Roxanna Nyiri, Director of International Tax and Transfer Pricing at BDO South Africa
In the recent wake of the most extensive and equally smearing leak of financial documents ever – The Panama Papers - the spotlight has been cast on the issue of transfer pricing, with many affirming it as a legitimate way of tax avoidance for international trading companies. Fast-moving changes and significant regulatory developments within international tax law have made the topic of transfer pricing the subject of sometimes unwanted – and at times unwarranted - controversy. Delving deeper into this subject matter, Roxanna Nyiri, Director of International Tax and Transfer Pricing at BDO South Africa, shares insights on international taxation laws and the impact on compliance and inter-continental business operations.
Globalisation and the continued growth of international trade have made inter-company pricing an everyday necessity for many businesses. In every sense, companies continue to rapidly grow their businesses across borders in the pursuit of new and better opportunities. This is especially true for South Africa in light of the current economic climate. Local companies are constantly seeking ways to externalise their businesses in the most efficient and legitimate manner, primarily with the view to retain hard currency out of the country.
This is also true for the pricing of transactions between cross-border group companies, commonly referred to as Transfer Pricing. From a financial perspective, transfer pricing is probably the most important global tax issue today.
The impact of increased focus on Transfer Pricing in recent times has created a rather uncertain operating environment for businesses, many of which are already contending with intensified global market pressures. Other considerations have also had an influence on the current importance of Transfer Pricing. Some developed countries tightened their transfer pricing legislation to address the issue of foreign enterprises active in their countries that are paying lower tax than comparable domestic groups. Consequently, some developing countries have introduced equally challenging Transfer Pricing regulations in their countries to keep their tax bases intact.
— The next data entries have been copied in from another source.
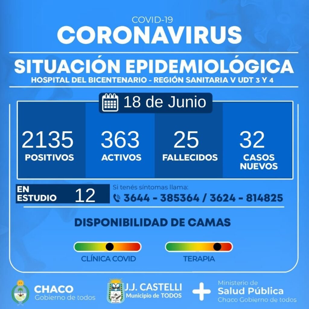 Tras la disparada de casos positivos que ya asciende a 2135 con 363 activos, Castelli registrĂł este viernes 2 personas fallecidas y 32 nuevos casos positivos.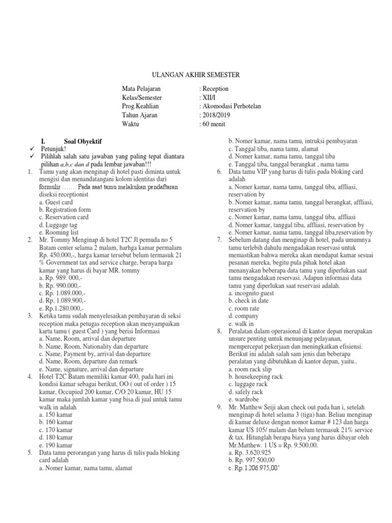 I. Soal Obyektif b. Nomer kamar, nama tamu, intruksi pembayaran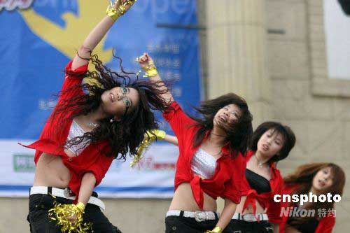 2008年“五一”期間, 2008“中網·網動中國”網球拉拉隊團體復賽在北京歡樂谷舉行。來自北京十幾所高校的拉拉隊選手參加了比賽,進入前三名的選手將取得2008中國網球公開賽拉拉隊的資格。中新社發 陳曉根 攝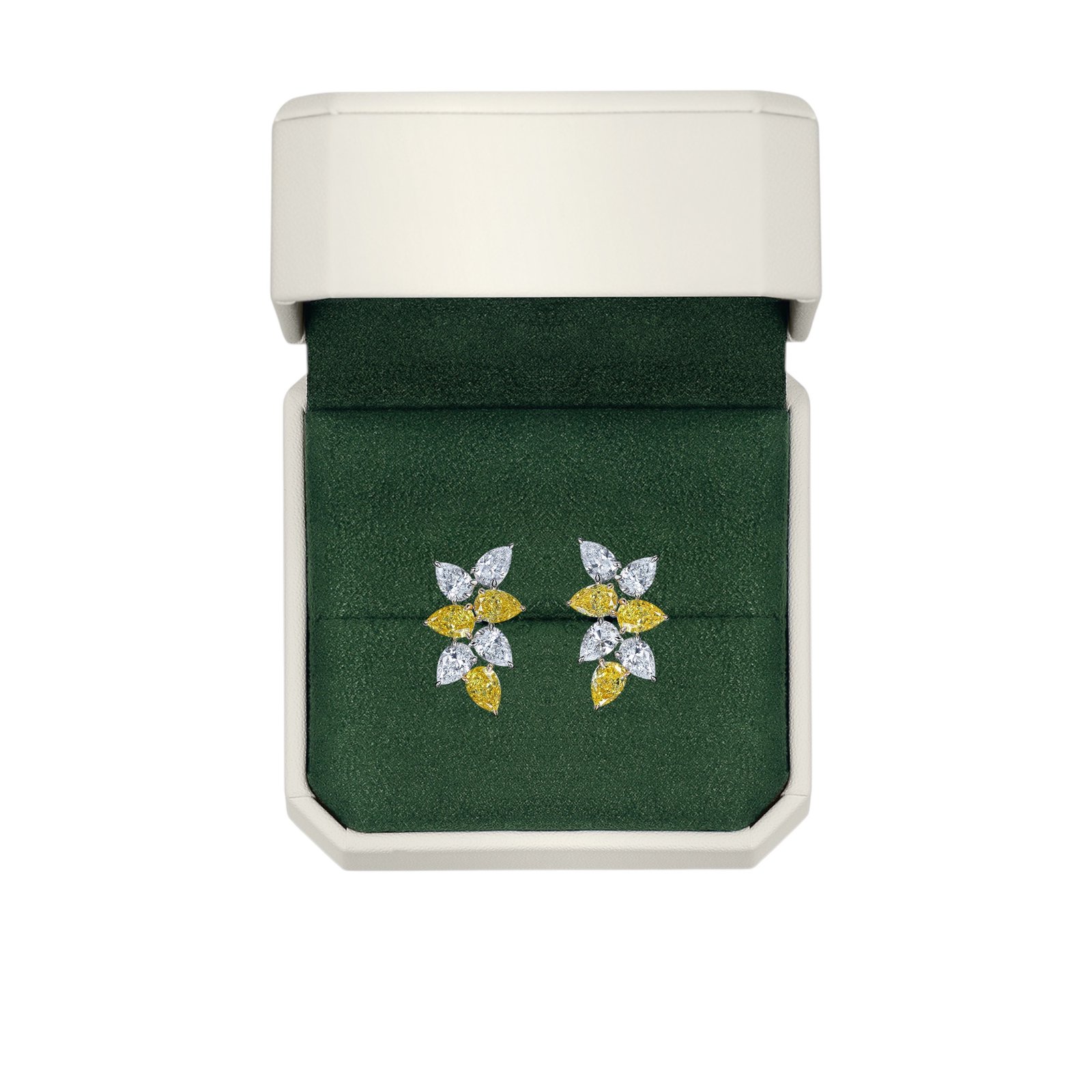 Delicate stud earrings featuring 5.6 carats pear cut lab-grown diamonds in a graceful floral motif. Crafted in white and yellow 18k gold, the design blends vibrant yellow and colorless diamonds for a luminous contrast. A radiant expression of nature’s beauty and refined craftsmanship.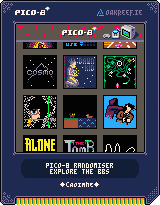 Pico-8 BBS randomiser View source code View source code August 2018 Categories: Pico-8, misc A small Pico-8 cart that downloads random carts from the Pico-8 BBS.
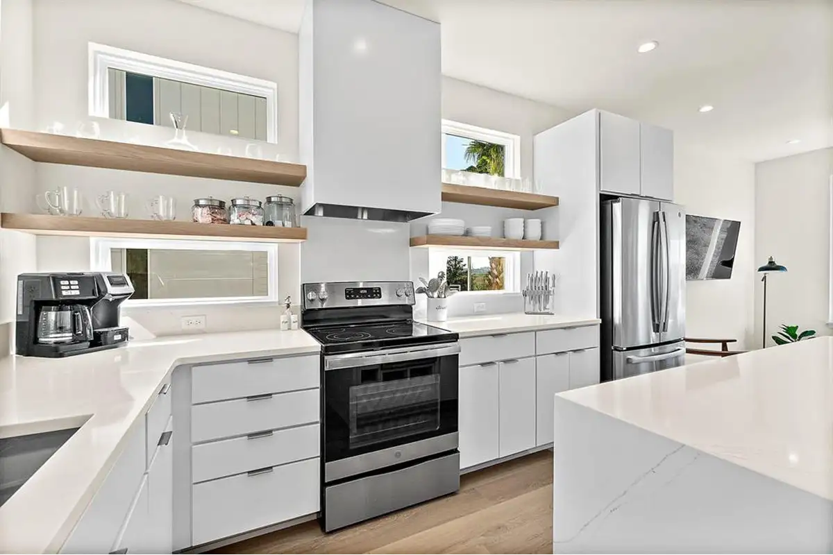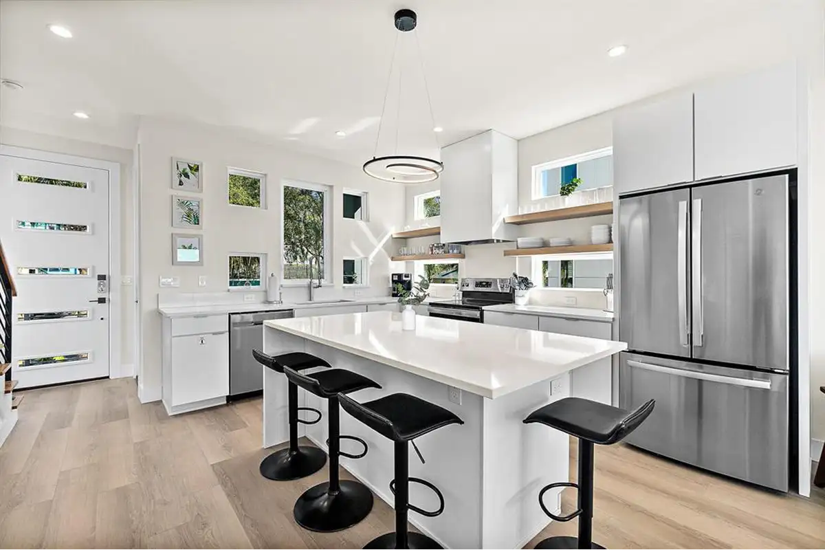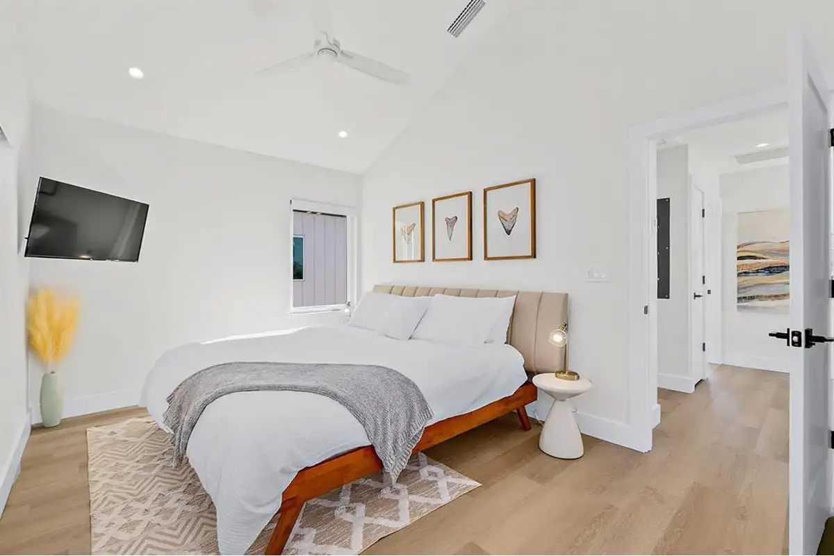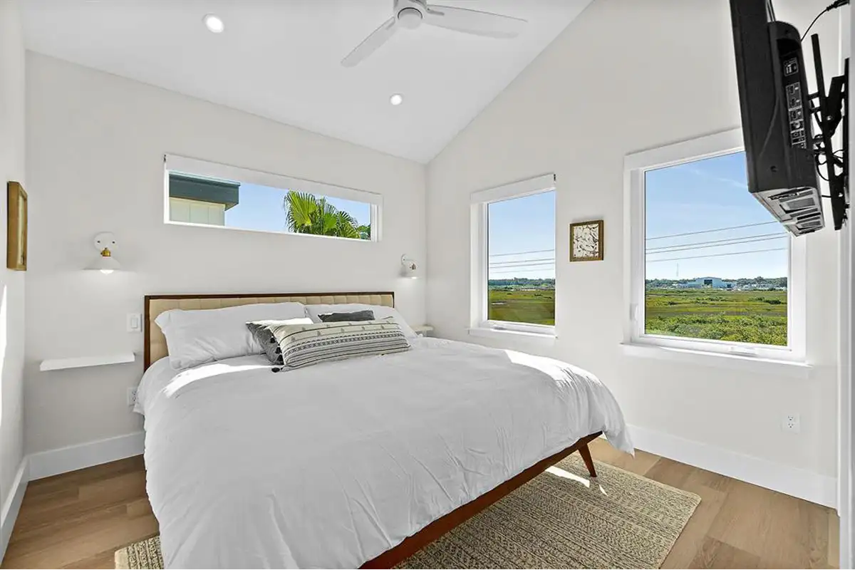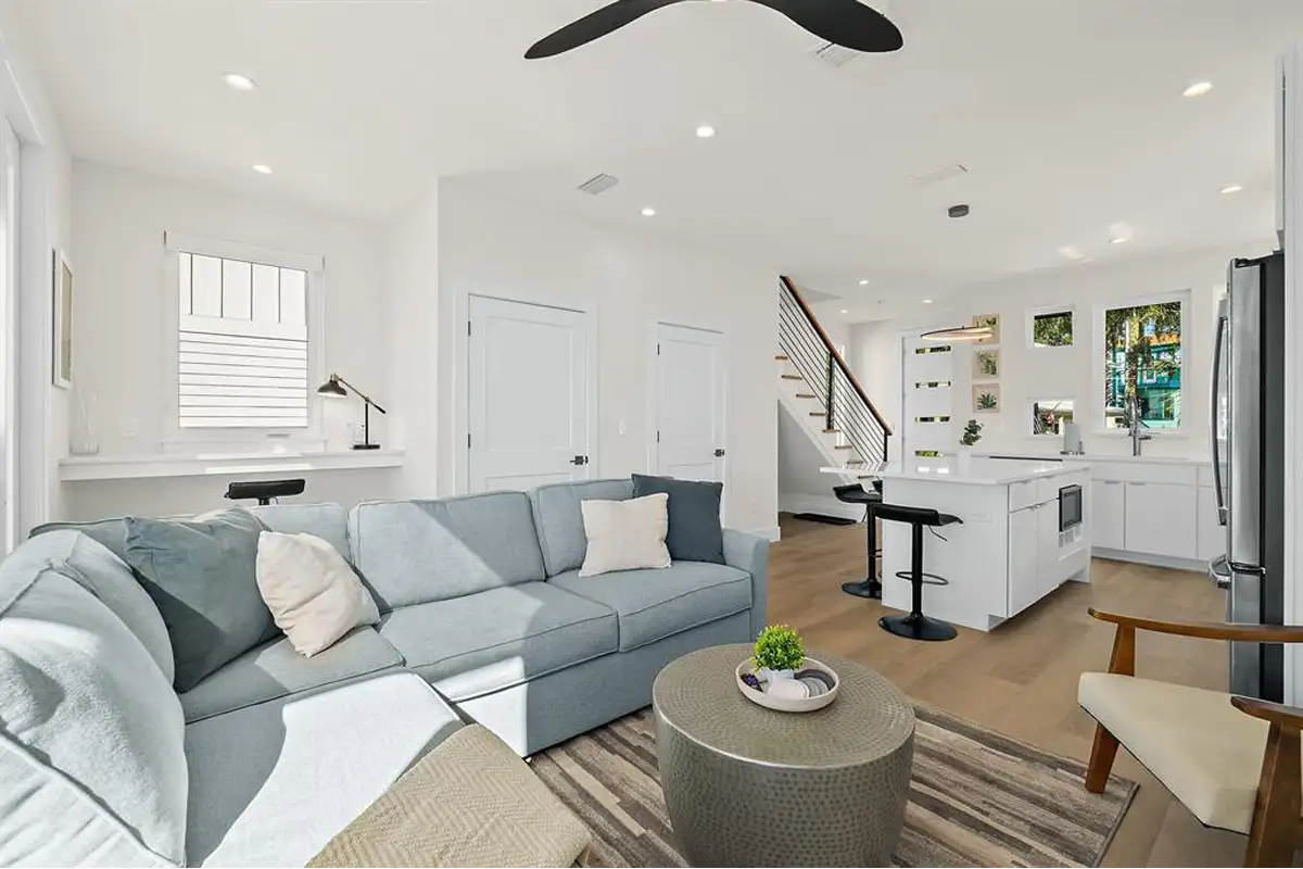 194 Riberia Street is located in the historic Lincolnville neighborhood. This unique luxury home, perched along the tidal marshes of Oyster Creek and the San Sebastian River, is just steps from St. Augustine’s historic district. It features a gourmet kitchen, an open living area with a large Smart TV (Hulu Live TV included), a handy workspace, a half bath on the first floor, two king bedrooms on the 2nd floor, each with a full bath, and a sofa bed to accommodate additional guests.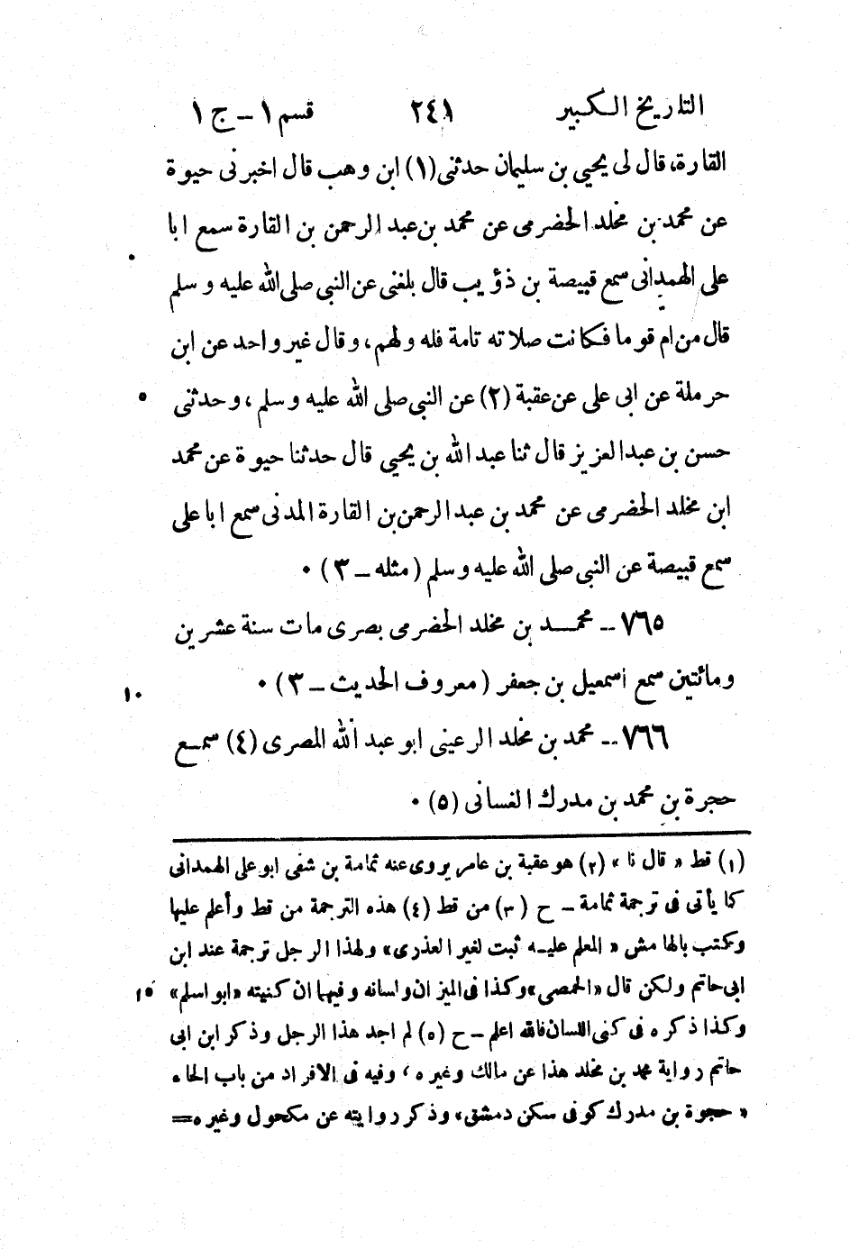 765 - مُحَمَّد بْن مخلد الحضرمي بصري مات سنة عشرين ومائتين سمع اسمعيل بْن جَعْفَر (مَعْروف الحديث - 3) .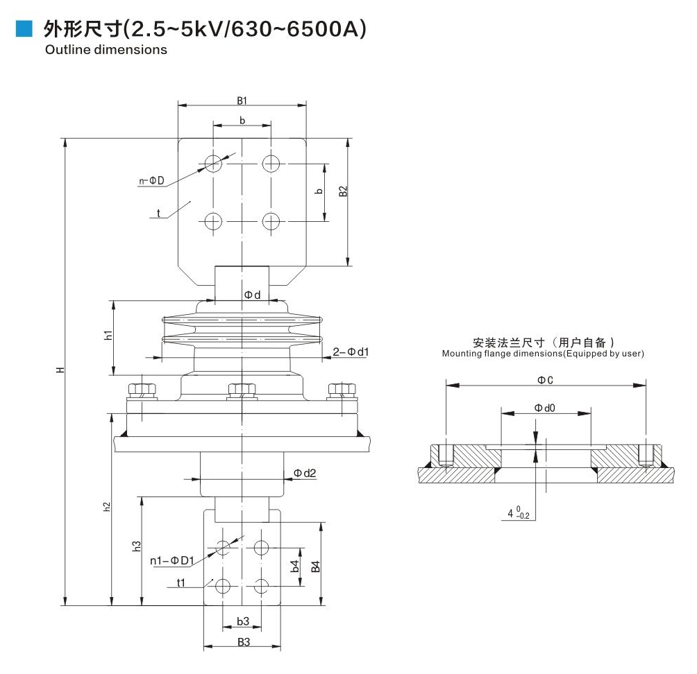 鋁法蘭硅橡膠套管2.5~5kV/630~6500A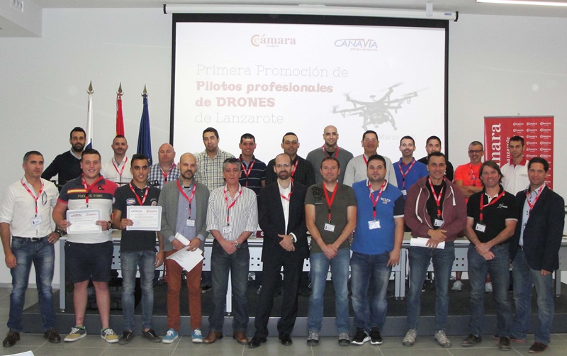 Los veinte primeros pilotos profesionales de drones de Lanzarote han recibido sus orlas, títulos y carnés. La mayoría son profesionales relacionados con la seguridad y las emergencias o empresas vinculadas a actividades creativas. A partir de este curso surgirán nuevas actividades y empresas, de hecho en España ya se registran diariamente tres nuevas empresas vinculadas a los drones.

According to Nyiri, “for certain companies, Transfer Pricing is used as a mechanism to structure transactions in such a way that high value activities, assets used and risks assumed are positioned in low tax paying countries, however without the required economic substance and effective management and as such is usually viewed by many as a measure to avoid taxes.” With the ongoing debate surrounding such companies who use structuring arrangements to avoid paying tax, it has become even more important to examine possibilities to curb the tide of tax non-compliance.
In the South African context, the country has made great strides in the introduction and amendments to regulatory changes in the area of Transfer Pricing. “Locally, Transfer Pricing now covers every business transaction, operation, scheme, agreement or understanding - whereas previously it only applied to the transfer of goods and/or services. The safe harbour for thin capitalisation has also been removed and is now governed by the arm’s length principle, which directs that parties involved in a transaction are independent and are on equal footing.”
With every accomplishment there remain obstacles to reporting standards. It is important to note that there are still a number of challenges facing multinational companies in preparing documentation to demonstrate compliance with Transfer Pricing rules. Even though companies have Transfer Pricing documentation in place, governing policies may not have been implemented properly. With the introduction of country-by-country reporting as announced in the Budget Speech and draft regulations recently released, it is prudent for companies to have the IT systems in place to capture financial data of their group companies across the globe, which is costly and time consuming.
For developing countries that lack the administrative resources to challenge well-represented multinationals, Transfer Pricing has a major effect on country budgets. This is because Transfer Pricing documentation studies can be very costly and, with the introduction of country-by-country reporting, this burden is further amplified.
There is, however, an ideal economic answer to address processes that can benefit both company and state. Through aggressive audits and raising of assessments, tax authorities have a bigger role to play in contributing to the increase in the number of transfer pricing disputes globally.
“Additionally, a mechanism that could assist is Advanced Pricing Agreements (APAs), where the South African Revenue Service (SARS) agrees to the pricing of transactions in advance and this ruling would then be binding for a couple of years. This would help both SARS and the taxpayer find a common platform and reduce uncertainty,” concludes Nyiri.